Inequality with symmetric polynomials How to prove the inequality $a^6+b^6 \geqslant ab^5+a^5b$ for all $a, b \in \mathbb R$?
 A: This looks like a better fit for Math Stackexchange, because it's 
the kind of thing one learns from Olympiad problem books . . .
One standard approach that has not been mentioned yet:
We may assume $a,b$ are both positive (if one is zero it's easy;
if they're of opposite sign then ${\rm LHS} > 0 > {\rm RHS}$; 
and if both negative, change to $-a,-b$).  Then by the 
AM-GM inequality we have
$$
\frac56 a^6 + \frac16 b^6 \geq \bigl((a^6)^5 b^6\bigr)^{1/6} = a^5 b,
$$
and likewise $\frac16 a^6 + \frac56 b^6 \geq ab^5$, whence
the desired $a^6 + b^6 \geq a^5 b + a b^5$ follows.
Yet another possibility is to factor the difference:
$$
(a^6 + b^6) - (a^5 b + a b^5) = (a-b)^2 (a^4 + ab^3 + a^2 b^2 + ab^3 + b^4)
$$
and check that the last factor is nonnegative (e.g. it's 
$\left|(a-\rho b) \, (a-\rho^2 b)\right|^2$
where $\rho$ is a 5th root of unity).
Either way we see that equality holds iff $a=b$.
[Added later: simpler yet $-$ factor the difference as
$$
(a^6 + b^6) - (a^5 b + a b^5) = (a-b)  (a^5 - b^5),
$$
and note that $a-b$ has the same sign as $a^5-b^5$, so their product
is nonnnegative, and zero iff $a=b$.  Like most of the other proofs,
this generalizes to prove $a^{m+1} + b^{m+1}  \geq  a^m b + a b^m$
for all odd $m>0$, and for all real $m>0$ if $a,b \geq 0$,
with the same equality condition $a=b$ in either case.]
A: Follows from Hölder's inequality (p=6, q = 6/5):
$ab^5 + ba^5 \le (a^6+b^6)^{1/6} (b^6+a^6)^{5/6}$ 
A: This is easily proven using the Rearrangement Inequality, which says that if we have two sequences of reals, and we are to pair them up in such a way as to maximize the sum of the products of the pairs, then we should pair them up according to size. From this, it immediately follows that $a^6 + b^6 \geq a^5b+ab^5$ (for consider the sequences $(a^5,b^5)$ and $(a,b)$...). 

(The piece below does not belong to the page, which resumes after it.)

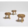 Tony Paul (1918-2010) Suite de trois tabourets Noyer et rotin Date de création: années 1950 H 30,5 ר 35,5cm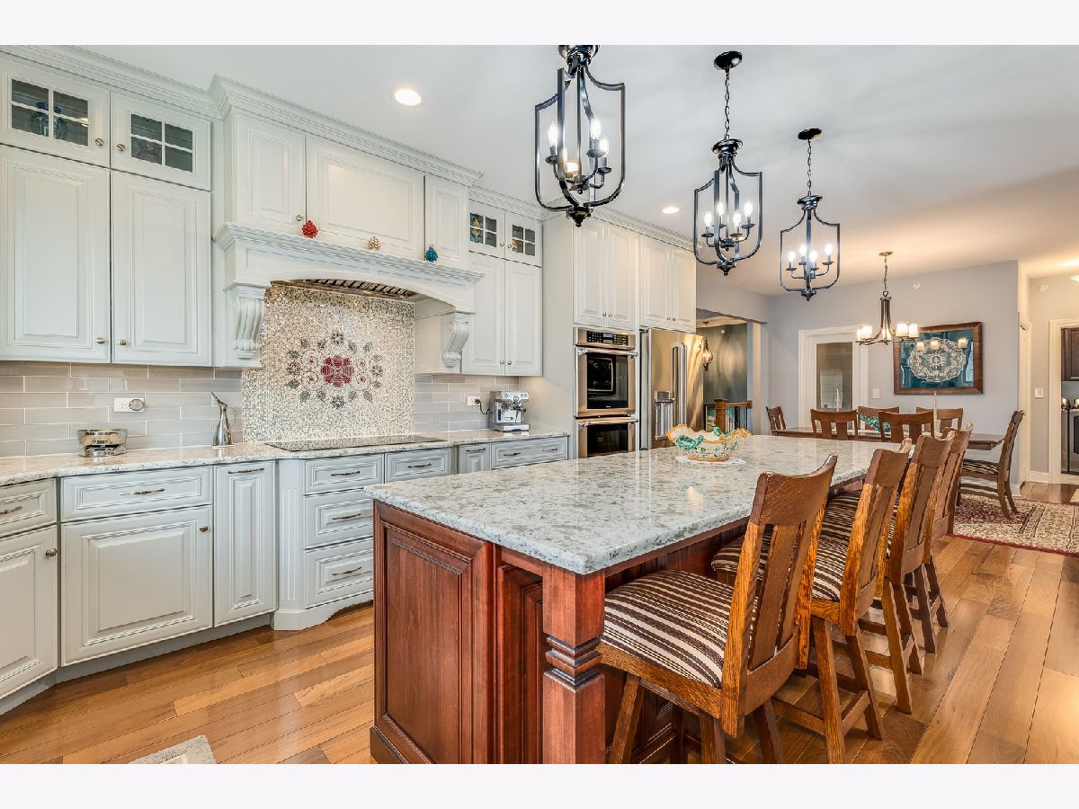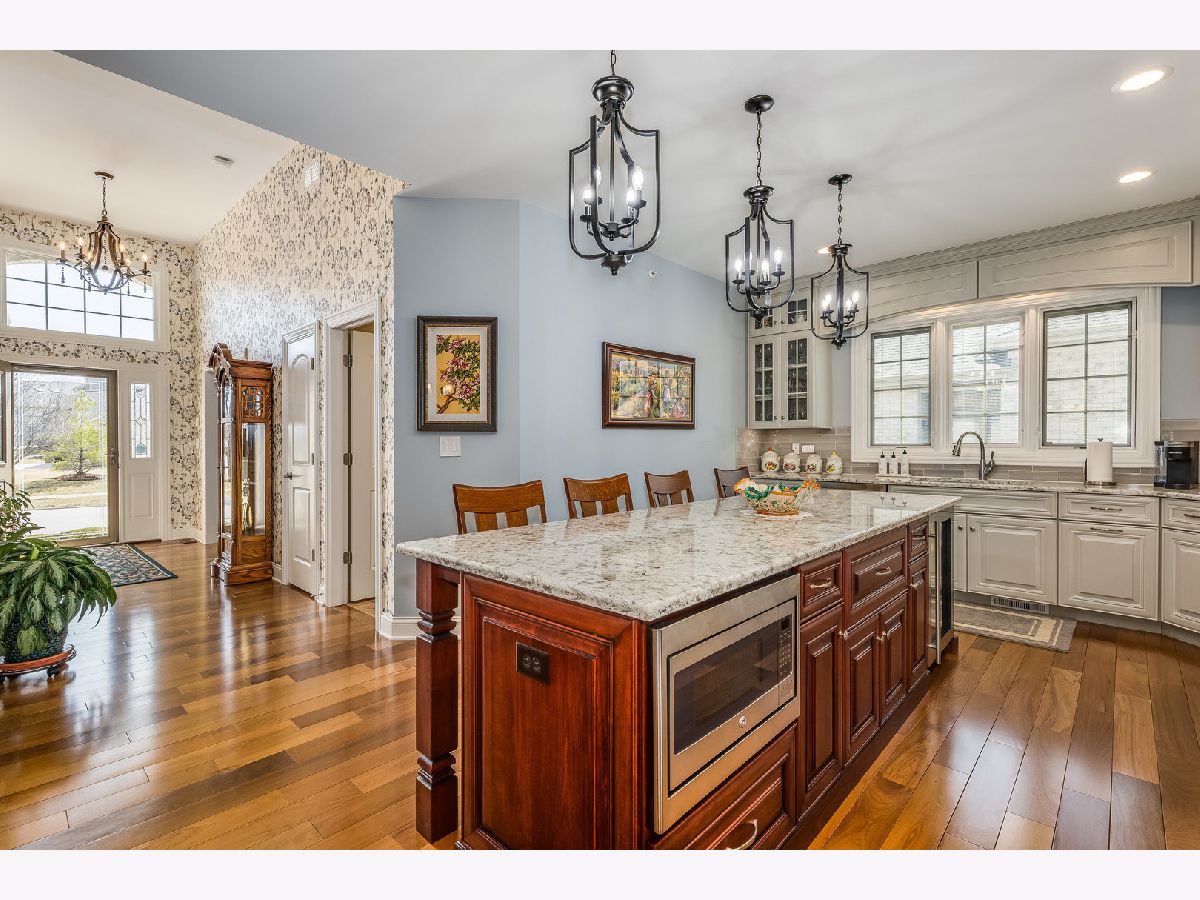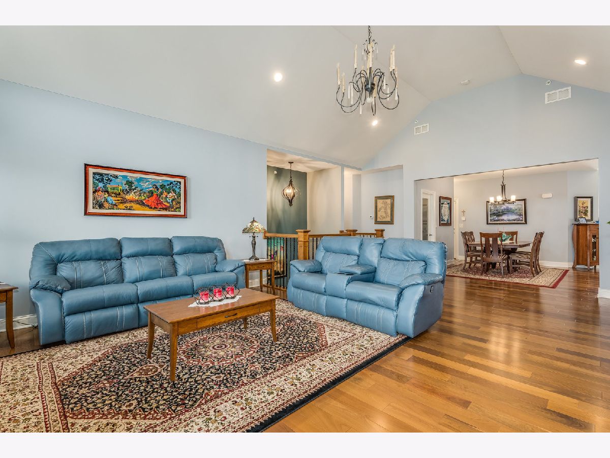 Welcome to this stunning luxury ranch townhome located in the highly sought-after Stonebridge Woods community of Homer Glen. This meticulously designed 3-bedroom, 3-bath home offers the perfect blend of elegance, comfort, and functionality with a fully finished, walk-out basement. Every detail has been carefully crafted to provide an elevated living experience. Upon entering the main level, you're greeted by gorgeous walnut hardwood floors that flow throughout the home. The grand entry foyer with towering volume ceiling sets the tone for the exceptional craftsmanship found in every room. The chef's kitchen is a true highlight, featuring custom cabinets with soft-close hinges and drawer slides, quartz countertops, and high-end stainless-steel appliances, including Thermador double ovens, glass top cooktop and dishwasher. The stunning island/breakfast bar is perfect for both casual meals and entertaining. The welcoming den, with its built-in curio, offers a peaceful retreat, while the private owner's suite is an absolute sanctuary. This spacious suite includes a luxurious bath with custom millwork, a quartz-topped dressing area and double sink vanity, a full-body spray shower, and a walk-in closet equipped with California closet organizers. The great room boasts a vaulted ceiling and garden doors leading out to a composite deck with rustic views and a gas line for your grill-perfect for outdoor gatherings. The fully finished walk-out basement adds even more living space to this exceptional home. With a deep pour (tall ceilings), this level features a second full kitchen with custom cabinetry, granite countertops, and high-end Bosch and LG appliances. A large bedroom and full bath, along with a spacious recreation room, make this the perfect area for guests or entertaining. The beautiful, tiled flooring and walk-out access to a private patio enhance the luxurious feel of this space. Additional highlights include a whole-house generator, an epoxy-coated garage floor, main-floor laundry with custom cabinetry, LG appliances, and Designer Series Low-E glass Pella windows and doors with snap-in between glass blinds. This original owner invested thousands of dollars in upgrades, ensuring this home is truly one-of-a-kind. Don't miss out on this exceptional opportunity to own a luxury townhome in the heart of Homer Glen's prestigious Stonebridge Woods community.

A: Also follows from Muirhead's inequality since $(6,0)$ majorizes $(5,1)$.
A: This is a very very special case of Muirhead's inequality.  It involves two multi-exponents $\newcommand{\bZ}{\mathbb{Z}}$ $\alpha,\beta\in\bZ_{\geq 0}^n$ and the natural  action of the symmetric group $S_n$ on $\newcommand{\bR}{\mathbb{R}}$ $\bR^n$. A permutation $\phi$ acts on the  vector $x=(x_1,\dotsc, x_n)$ by permuting the coordinates 
$$\phi\cdot x=(x_{\phi(1)},\dotsc, x_{\phi(n)}). $$
(Warning: this is a right action, even though we write the $\phi$ on the left.)

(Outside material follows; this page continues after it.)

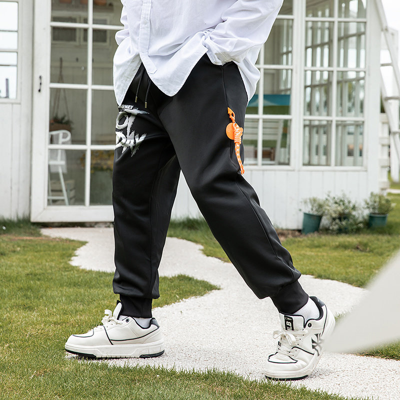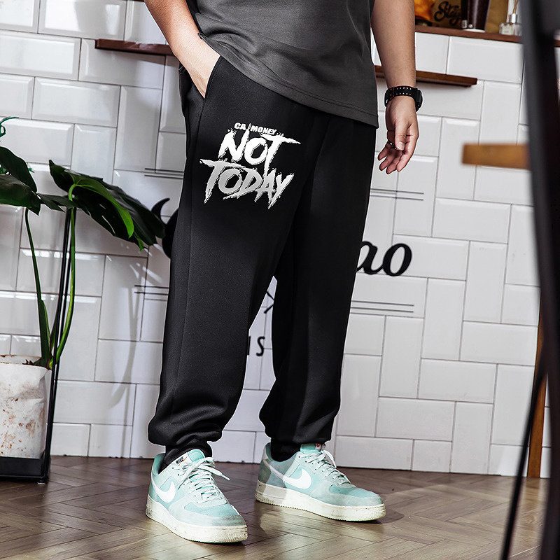大码潮牌男装宽松大码束脚街头潮流美式休闲涂鸦字母印花九分卫裤

We say that $\alpha \in\bZ_{\geq 0}^n$ precedes $\beta \in\bZ_{\geq 0}^n$, and we write this $\alpha\prec \beta$, if $\alpha$ lies in the convex hull of the set
$$ S_n\cdot \beta :=\big\{\; \phi\cdot\beta;\;\;\phi\in S_n\;\big\}. $$
Given $\alpha\in\bZ^n_{\geq 0}$ and $x\in\bR^n_{\geq 0}$ we define
$$ M_\alpha(x)=\sum_{\phi\in S_n} (\phi\cdot x)^\alpha= \sum_{\phi\in S_n} \prod_{k=1}^n x^{\alpha_k}_{\phi(k)}. $$
Muirhead's inequality states that
$$ \alpha\prec \beta \;\Longleftrightarrow M_\alpha(x)\leq M_\beta(x),\;\;\forall x\in\bR^n_{\geq 0}. $$
The inequality in your question corresponds to the case 
$$ n=2, \;\;\alpha=(5,1)\prec \beta=(6,0),\;\; x=(a,b).$$
For more details on the rich  story behind Muirhead's inequality I refer to J. Michael Steele's   wonderful book 

An Introduction to the Art of Mathematical Inequalities. The Cauchy-Schwarz Master Class, Cambridge University Press, 2004.